(The data)

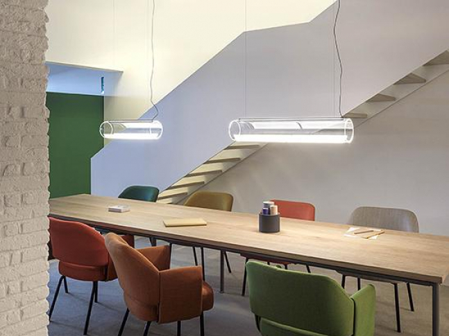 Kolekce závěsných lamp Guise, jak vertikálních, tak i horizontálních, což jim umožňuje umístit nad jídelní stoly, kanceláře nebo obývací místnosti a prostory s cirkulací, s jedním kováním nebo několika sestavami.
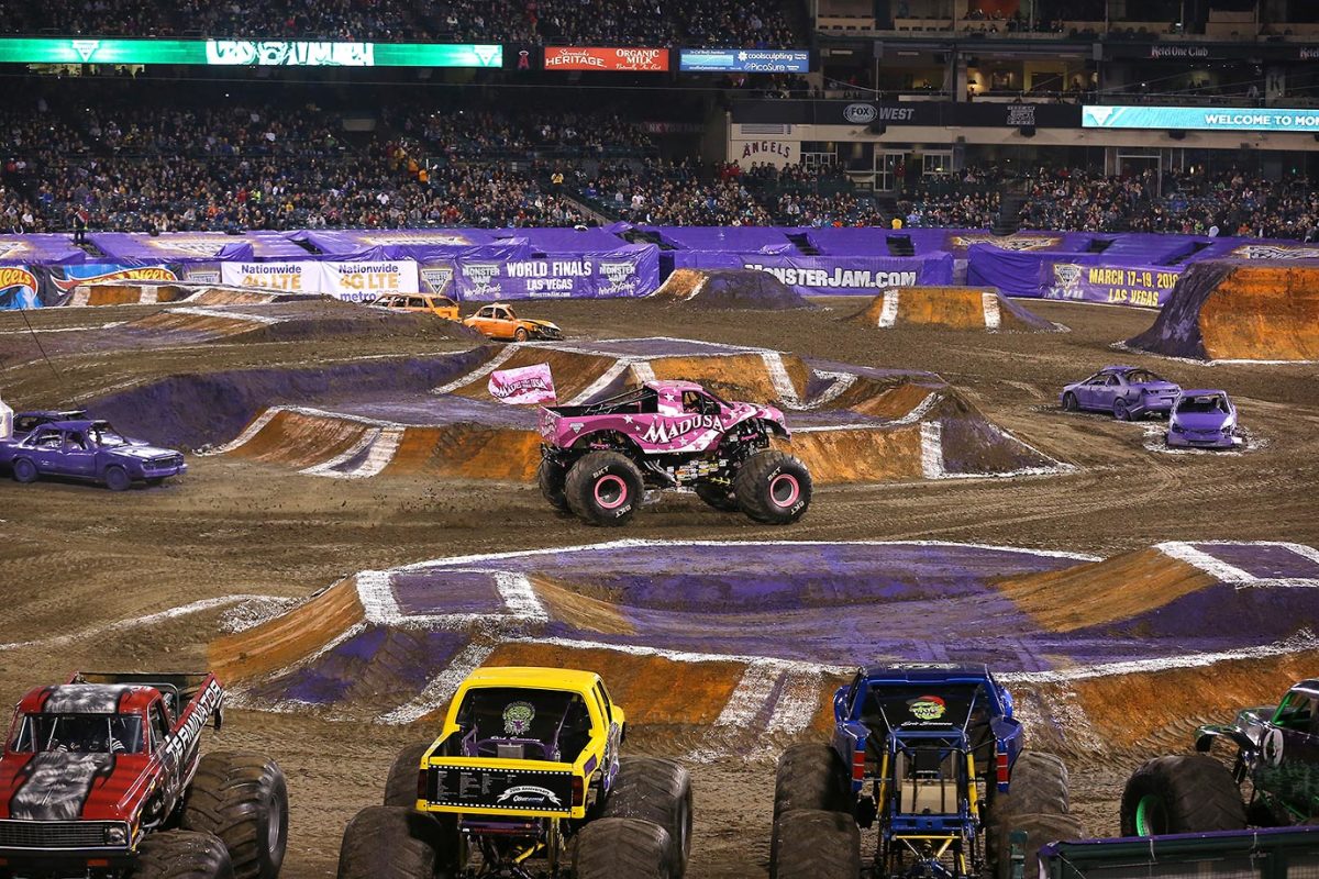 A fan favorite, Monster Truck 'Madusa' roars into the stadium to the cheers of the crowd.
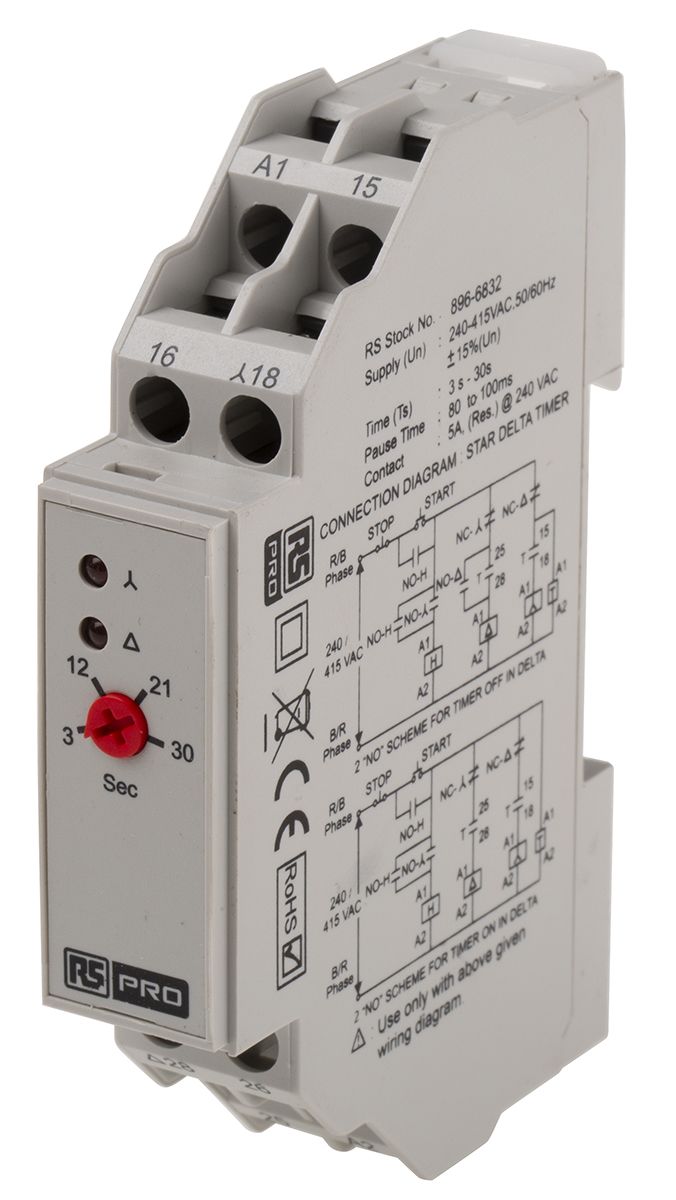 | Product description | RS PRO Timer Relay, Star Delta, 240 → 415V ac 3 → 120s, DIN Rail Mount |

(End The data)

The answer is the full listing above, repeated exactly, with its pictures removed.

 Kolekce závěsných lamp Guise, jak vertikálních, tak i horizontálních, což jim umožňuje umístit nad jídelní stoly, kanceláře nebo obývací místnosti a prostory s cirkulací, s jedním kováním nebo několika sestavami.
 A fan favorite, Monster Truck 'Madusa' roars into the stadium to the cheers of the crowd.
 | Product description | RS PRO Timer Relay, Star Delta, 240 → 415V ac 3 → 120s, DIN Rail Mount |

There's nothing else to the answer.